We can understand the appeal of searching the internet before picking up the phone to call us; who wouldn’t want to save the money they would spend on a veterinarian consult if the reason Fido has diarrhea is simply because he ate “treats” from the cat box? You’re not alone either. As many as 75% of pet parents have Googled symptoms before picking up the phone to call their vet. We certainly encourage pet parents to educate themselves, but here’s where Dr. Google loses value:
The Cyber Consultation
Websites dedicated solely to pet health have risen in number over the past years, and while there are some credible sources that educate on general pet health, such as AVMA and the ASPCA (especially their info on household products, foods, and plants that are poisonous to pets), many sites are unvetted (no pun intended) and contain even harmful advice. For instance, if you Google, “Is aspirin safe for dogs?” you will find that the answer ranges greatly. Some sites advise only giving it if your veterinarian approves, while others say that it is safe for use and will even give the dosage based on weight! But aspirin comes with a high risk of GI ulceration and prolonged bleeding—which not all websites warning against.
What about that aforementioned diarrhea that you’re sure your dog got from raiding the litterbox? Easily treated with Pepto-Bismol, right? And there’s the dosage again, so conveniently located on the internet. But what Dr. Google didn’t tell you is that dogs can contract hookworms, roundworms, whipworms, and Giardia from eating fecal matter, so no amount of Pepto is going cure what ails Fido. What’s more, “the pink stuff” can turn your dog’s stool black, making it difficult to tell if blood is present, masking an important symptom that could indicate far more serious diseases like parvovirus or intestinal cancer. Even worse, Pepto Bismol contains an ingredient that is a form of aspirin, so again, there is a risk GI ulceration with a potential for a perforating gastrointestinal ulcer. Perforating ulcers require emergency surgery and come with a very high mortality rate.
The Digital Diagnosis
Allowing Dr. Google to make a diagnosis based on what you can see and then attempting to treat with information found on the internet is a gamble, with your pet paying in the end. Can Dr. Google tell the difference between a problem like a mild cause of conjunctivitis that may resolve itself on its own, or a serious problem like glaucoma, uveitis, or corneal ulcer that may result in permanent blindness if not treat appropriately within 24 hours?

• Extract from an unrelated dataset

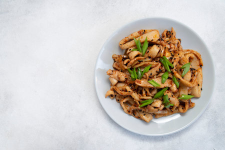 Seafood salad of squid on the gray plate. Macro. On gray background. korean dish.asian dish.
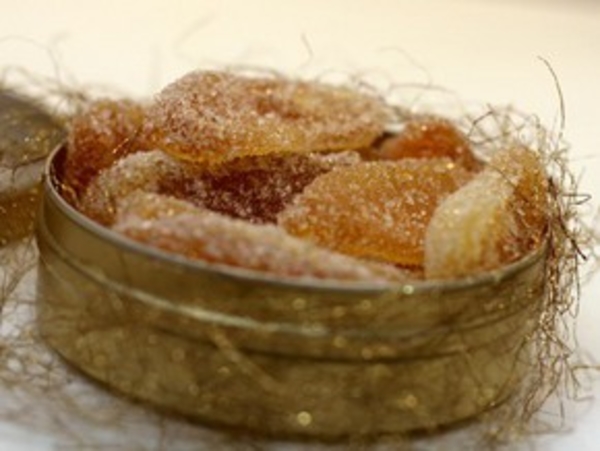 Подсохшие дольки надо обвалять в сахарном песке. Хранить в закрытой коробке.

One pet parent Googled her lethargic puppy’s symptoms and, along with red bruising on the puppy’s abdomen, assumed it had been bitten by a spider. When she finally brought the puppy to the vet, who was able to determine that the puppy was hemorrhaging internally due to eating rat poison, it was too late.
A veterinarian needs to look at many factors when diagnosing an animal after a thorough exam, taking into consideration your pet’s medical history, any necessary laboratory tests, and outside influences such as environment and diet. This is why when clients call us with a list of their pet’s symptoms, we cannot diagnose over the phone. (Well, that and it’s unethical and illegal.)
If the variables are too many for your veterinarian to diagnose and treat without examining your pet, how much more so for Dr. Google! It’s possible a new puppy passed its case of kennel cough onto your older dog, but it’s also possible that cough is a symptom of heart disease or heartworms, and diagnosing a serious health problem sooner rather than later will not only save you money in treating your pet, it may actually save your pet.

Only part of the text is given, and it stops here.